Why This Philly Tech CEO Just Deleted Uber

Seer Interactive CEO Wil Reynolds wants to send a message about values and human rights.

Wil Reynolds. Image via Twitter.

Wil Reynolds. Image via Twitter.

On Saturday evening, amid protests at airports from PHL to LAX, Wil Reynolds, CEO of the Philly-headquartered digital marketing agency Seer Interactive, deactivated his Uber account and deleted the app from his phone entirely.

Why? Because in the face of crisis — President Donald Trump ordered a divisive ban on refugees and migrants — the ride-hailing company failed to show that it values its workers, Reynolds told me.

On Saturday evening after the New York Taxi Alliance announced a strike in solidarity with protesters at JFK Airport, Uber announced that it would suspend surge pricing. Onlookers read Uber’s alert as an attempt to undermine the protest and advertise a discount. In a frenzy, #deleteUber took off immediately.

And though Uber has released a statement in opposition to the ban, the company’s clumsy maneuvering over the weekend led people to believe that it wouldn’t take a stand.

Reynolds says he took no issue with the company’s surge announcement, but was concerned about its feeble and delayed response to the executive order, a ban that affects so many of the people who work on contract with the company.

“So many of their drivers come from the seven countries where the administration isn’t allowing people in,” Reynolds told me on a call Sunday evening as he walked to an airport protest in San Diego. “As a CEO I would stand up for the people using my platform. It’s time to show solidarity with these workers and not turn your back on them.”

Reynolds, who previously relied on Uber for official company business, says Lyft’s decision to donate $1 million to the ACLU over the next four years clearly signals that the company is committed to supporting and upholding the country’s values. Uber’s response to compensate affected drivers pro bono over the next three months only came after the pressure.

“I think Uber spoke up because the delete-Uber movement really started to take off. It feels like this is just another time when they looked at the data and realized that this was getting so big that they had to say something,” Reynolds said. And the statement didn’t go far enough for Reynolds, since Uber will only support drivers trying to return to the country and not the greater issue at hand.

We’re at a critical point where every business has to determine what their beliefs and values are, Reynolds said.

“The millennial generation watches these CEOs, and if you’re going to sit there and bury your head in the sand because you’re trying to play both sides of it, that tells your future employees exactly where you lie in situations like these.”

Since Trump’s ban took effect on Friday evening, tech companies like Google, Netflix, Microsoft, and Apple have spoken out against the executive order, some appealing to human rights and others lamenting the toll it’ll take on business operations. Consumer-facing companies like Starbucks and General Electric have come forward, too, but not many.

Reynolds says he ultimately wants people to feel valued and safe in this country. And when those principles are being infringed upon, he sees it as his duty to speak out against it and use his platform.

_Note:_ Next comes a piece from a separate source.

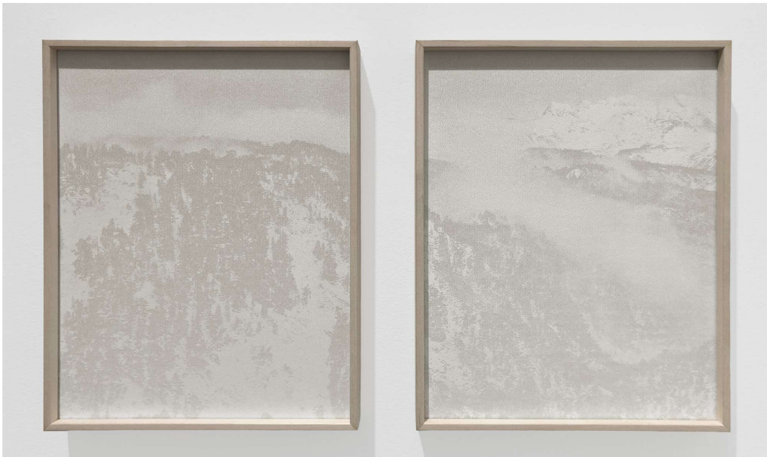
Laurent Lafolie, diptyque #04 & #05, série .blanc, 2023 gravure laser sur papier pur coton d'après photographie à la chambre 4x5 encadrement aluminium plaqué bois, entre deux verres antireflet 2 x 31 x 25 x 3,5 cm - édition 5/5 (+2EA)

“A lot of people are thinking ‘What’s the best way for me to not piss anybody off so that I don’t lose my clients or any money?,’ but that’s very different from starting off by leading with what your beliefs and values are,” he said.

As a leader, you have to wake up in the morning and look at people in your company who might not be of your background. Said Reynolds: “You have to ask yourself, what are you doing to make those people feel like you’ve got their back?”